The nickname "Death Valley" for Memorial Stadium, derives both from Death Valley National Park in California as well as the location of the Clemson University cemetery on a hill that once overlooked the field—before the upper decks were constructed.

The late Lonnie McMillian, former football coach at Presbyterian College told sports writers in 1948 that he had "to take his team up to Clemson and play in Death Valley" where they rarely scored or gained a victory.

Clemson Head Coach Frank Howard began using the nickname "Death Valley" for the stadium in the 1950s.

===Death Valley facts===
- Clemson is 345-105–6 at Death Valley, a winning percentage of over 76%.
- In 1999, Tommy Bowden's first year as head coach, the attendance record was set at the game against Florida State, whose head coach was Tommy's father, Bobby. Ann Bowden wore a sweater that was half Clemson and half Florida State which read "FloridaSon."
- In 2007, Clemson hosted a game against Boston College, and the stadium set the record for the loudest stadium in college football at 133 decibels. This record would eventually break in 2023 when Tennessee faced Georgia and the stadium set a record at 137 decibels.

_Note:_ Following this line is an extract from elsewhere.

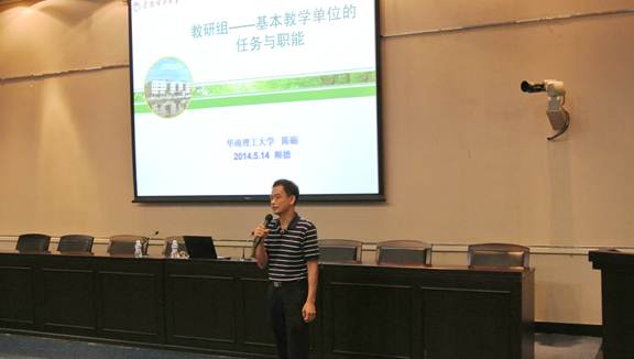 陈砺教授根据自己多年担任教研室主任的经验与体会,从理论课教学组织、实践课教学组织、专业建设、教学改革与研究等方面,详细地为大家讲解了教研室主任的职责及注意的问题。陈砺教授还结合自身的专业实际,介绍了如何形成核心知识,专业支撑知识和根据学科发展及社会需求滚动设置的交叉、应用型知识相互协调、合理配置的课程体系。报告最后,陈砺教授以“敢为有位而有为,不为无位而无为”两句话与在座教研室主任共勉,激励大家不怕吃亏、敢于担当、甘于奉献。

Memorial Stadium hosted The Rolling Stones with Living Colour in 1989 for the Steel Wheels/Urban Jungle Tour. It hosted Pink Floyd in 1994 for The Division Bell Tour. It hosted Elton John with Billy Joel in 1995 for Face to Face 1995 tour, and The Eagles in 1996. In 1997, it hosted U2 with Rage Against the Machine for the PopMart Tour.

==Notable games==
- November 12, 1960 - After 57 straight trips to Columbia, SC for the annual game against Clemson's biggest rival, South Carolina, the Tigers host the Gamecocks and defeat them 12–2. The game marks the end of the traditional Big Thursday rivalry and the beginning of the current home-and-home series format between the two teams.
- September 23, 1967 - Rubbing The Rock is introduced into Clemson tradition as the Tigers defeated Wake 23–6.
- September 19, 1981 - Unranked Clemson defeats defending national champion and #4 Georgia 13–3 en route to the Tigers' own national championship that year, finishing their season undefeated (12–0) .
- October 31, 1981 - #3 Clemson blows out Wake Forest 82–24, the most points ever scored by a Tiger team in Death Valley.
- September 19, 1987 - #18 Georgia comes into Death Valley to face #8 Clemson. The year before, David Treadwell had kicked the game-winning field goal in Athens as time expired to give Clemson the win. This year, trailing 20–16, Clemson's defense would stop the Bulldogs in the end zone for a safety and then take the ensuing drive to set up Treadwell again for a game-winning field goal. The Tigers won as time expired, 21–20.
- September 17, 1988 - #3 Clemson hosts #10 Florida State in what will forever be known as the "Puntrooskie" game. With two minutes left to play and the score tied, the Seminoles ran the now famous puntrooskie fake to Leroy Butler, which set up FSU's game-winning field goal with 32 seconds to play.
- October 23, 1999 - Clemson hosts #1 Florida State for the first ever father/son head coach face off. Despite a close game, Bobby Bowden's Seminoles were too much for Tommy Bowden's Tigers and FSU secured a slim 17–14 win over the Tigers. FSU would win the national championship that year. The game marks Clemson's single game attendance record.
- November 18, 2000 - Trailing 14–13 to South Carolina, quarterback Woody Dantzler connects with Rod Gardner on a "Hail Mary" pass with 10 seconds to play, to set up Clemson's game-winning field goal and a score of 16-14. It would be dubbed by Clemson fans as "The Catch II."
- November 8, 2003 - Clemson shocks #3 Florida State 26–10, the highest-ranked team the Tigers had beaten until the 2016 game against Louisville.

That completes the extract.